(659e) Thermochemistry of Gas-Phase and Surface Species Via Lasso-Assisted Subgraph Selection

Authors: 
Lym, J., University of Delaware
Gu, G. H., University of Delaware
Plechac, P., Department of Mathematical Sciences
Vlachos, D. G., University of Delaware
First-principles modelling of chemical kinetics provides key insights into reaction mechanisms and better catalysts. However, such modelling becomes prohibitive for large reaction networks due to the computational burden of ab initio methods. This computational burden can be circumvented using graph theory-based semi-empirical methods, such as group additivity. These models assume that the thermodynamic properties of molecules linearly correlate with the frequency of graphs appearing in each molecule. However, the selection of these graphs and correction terms are heuristic, resulting in a suboptimal model.
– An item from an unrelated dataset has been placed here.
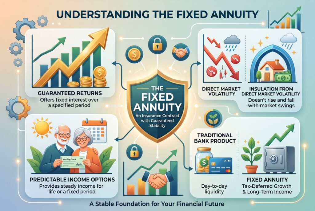 What is a fixed annuity? At its core, it’s an insurance contract that offers guaranteed returns, predictable income options, and insulation from direct market volatility. Unlike stocks, your principal doesn’t rise and fall with market swings. Unlike many ordinary bank products, the appeal is usually centered on a stronger long-term income structure and tax-deferred growth rather than day-to-day liquidity.

To improve the accuracy of these methods, we explore the Least Absolute Shrinkage and Selection Operator (LASSO), an automatic descriptor selection algorithm. Graphs in each molecule are exhaustively enumerated, and LASSO regression is performed to find the most optimal set describing the enthalpy of formation. We have applied this framework to a variety of data sets. First, we gather heat of formation data from the NIST and the BURCAT datasets, and found that the LASSO-assisted graph selection shows superior performance over the heuristic-based group additivity (5.7 vs. 9.2 kcal mol-1 mean absolute error). Second, we apply this framework to the QM9 dataset and find our model performs comparable to the state-of-the-art machine learning models with a mean absolute error of 1.39 kcal mol-1. Third, we apply this framework to lignin monomer adsorbates on Pt(111) and obtain a model with a mean absolute error of 2.08 kcal mol-1, showing promising performance for surface species. We discuss how LASSO is especially useful for surface adsorbates to overcome the difficulty in manual identification of strain corrections.